Tema central: A questão aborda os tipos de cimento Portland normatizados segundo a ABNT NBR 16697:2018, essenciais para garantir a durabilidade e desempenho das estruturas de concreto armado.

É fundamental em concursos entender quais cimentos são realmente normatizados, pois o uso inadequado pode gerar patologias graves na construção.

Resumo teórico:

Os cimentos Portland são classificados no Brasil conforme suas composições e adições, sendo identificados por siglas como CP I (Puro), CP II (Com adições), CP III (Alto-forno), CP IV (Pozolânico) e CP V (Alta resistência inicial). Os números (32, 40) indicam a resistência mínima característica à compressão em MPa. Adições como Z (pozolana), E (escória), S (sílica ativa), RS (resistente a sulfatos) são reconhecidas pela norma.

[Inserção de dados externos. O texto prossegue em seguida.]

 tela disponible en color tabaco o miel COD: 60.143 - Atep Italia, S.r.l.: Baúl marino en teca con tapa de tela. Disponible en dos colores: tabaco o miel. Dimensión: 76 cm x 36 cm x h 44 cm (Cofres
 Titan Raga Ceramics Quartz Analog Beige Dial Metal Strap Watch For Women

Justificativa da alternativa A:

Todas as denominações da alternativa A estão corretas e normatizadas:

  • CP II Z 32: Cimento Portland com pozolana, 32 MPa
  • CP IV 32 RS: Cimento Portland pozolânico, resistente a sulfatos, 32 MPa
  • CP I S 32: Cimento Portland comum com sílica ativa, 32 MPa
  • CP II E 32: Cimento Portland com escória, 32 MPa
  • CP V ARI: Cimento Portland de alta resistência inicial
Estes tipos são descritos na ABNT NBR 16697:2018 e são os mais utilizados em estruturas de concreto armado.

Análise das alternativas incorretas:

B: Apresenta denominações inexistentes ou inadequadas, como "CP IV 80" (não existe resistência 80 MPa normatizada), "CP I J 70", "CP R 32", "CP V ARI 80", que não são reconhecidas pela ABNT.

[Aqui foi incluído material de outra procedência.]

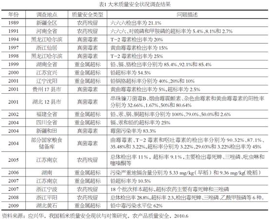 受极端气候和资源环境影响,稻米质量安全问题引发广泛关注。根据有关资料显示,在20世纪90年代中期之前,大米质量安全威胁主要来自农药残留。进入新世纪以来,大米质量安全问题频发。检测出的大米质量安全既有农药残留也有重金属超标问题。在一些地方,重金属超标、真菌毒素、农药残留等事故多次发生(见表1)。
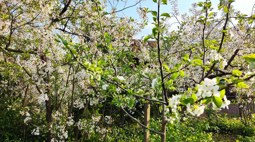 Цветение плодового сада, котовника и тюльпанов, а так же мошки в середине мая

C: Usa resistências e siglas fora do padrão normativo, como "CP II Z 62", "CP I S 62", "CP V A", além de "CP IV 32 SR" que não é nomenclatura oficial.

D: Também utiliza códigos e resistências não adequados, como "CP III F 40", "CP I Z 32", "CP II 40 FD", "CP II 80", e "CP II ARI", muitos destes não constam na norma.

E: Erros em siglas e nomenclaturas, como "CP II H 40", "CP II G ARI", "CPII F 32" (grafia inadequada), que não são reconhecidas oficialmente.

Dicas de interpretação:

  • Fique atento à grafia correta e à resistência máxima (normalmente até 40 MPa).
  • Desconfie de siglas inventadas ou fora do padrão ABNT.
  • Mantenha o foco nas classificações e adições reconhecidas em norma.